I challenge you to do something new this week. Cook a new meal, walk a new route, seek out a new experience. Find something beyond the words to occupy yourself. Embrace an experience. Do it yourself.

(Update: People have asked for more detail about the jam-making process itself. That’s coming in a mid-week article, complete with pictures with circles and arrows and a paragraph on the back of each one.)

The Real World

Sunday, September 13th, 2009

It was seventy-seven degrees and sunny in Cleveland today, and though only a few trees are starting to turn, you can tell by the angle of the light and the scent in the air that autumn is here. It is young, true, but it’s there all the same, if you have eyes to recognize it. You know it because there will be a day like today in about a month. The light will look the same way, coming through the few clouds, but it will be fifteen to twenty degrees cooler, and the leaves will be coming into their full color.

I spent the day outdoors, helping my father-in-law clean out his woodshop, ridding it of all the old scrap wood. After unloading it all, we sat on their porch in a pair of amish adirondack chairs, sipping root beer and watching the bees working to get all the remaining goodness from my mother-in-law’s garden before it dies off.  I sat there, in the sunlight, just chatting away with him. Not about anything specific. Just resting and watching the world go by.

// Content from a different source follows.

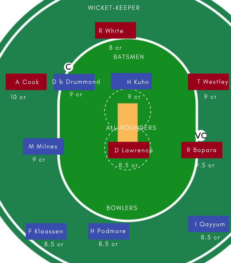 बल्लेबाज: Z Crawley, Daniel Bell-Drummond, Heino Kuhn, M Renshaw, O Robinson, A Blake

There is a lot of data in what happened to me today. I could sit, tell you all about it, go look up the exact weather, the barometric pressure, all the dry details. It would be factually true, and yet it would miss something. The soul of it would be gone. The thing that makes it an experience, and not just a recording, would be missing.

One of the comments I got from last week’s essay was from Matt Wilson. He said:

I grow vegetables in a small plot in my backyard for a lot of the same reasons. After work, getting my fingers dirty by doing some weeding reintroduces me to the real world.

I started to think about that phrase, The Real World.  It’s not the first time I’ve heard a person use it when separating their offline activities from their online activities.  I find it curious because so many of us spend so much time online these days. We enjoy it, revel in the information, the connectedness, the geekiness of some things, the banality of others. We swim through streams of data all day long. Email, podcasts, RSS, Twitter, Facebook, YouTube.

And yet, how many of us feel that, for all the glory that is the data, there is something missing?  That it’s all virtual, that it’s removed from The Real World, somehow?

Curious.

How does this thinking affect basic human relationships?  I know, for my part, that I have met a great many people online, yet the ones I am closest to I go out of my way to seek out in a more sensory, or Real, manner. Phone calls, meeting at cons, meeting for lunch, etc. While, intellectually, I know the reailty of all the people out there, unless I make a connection with them beyond the bits and bytes, it is hard to cultivate a friendship with them. It can be a simple as a Skype call in real-time (there’s that word, REAL, again), but that small thing gives me something to relate to that email or chat or Twitter will never provide.

So, dear reader, I am curious to hear your side of things. Do you draw the distinction between the real world and virtual space?  How does it affect your relationships, your interactions, your daily routine? If you were to shut off the computer, how many of those relationships would survive, and why?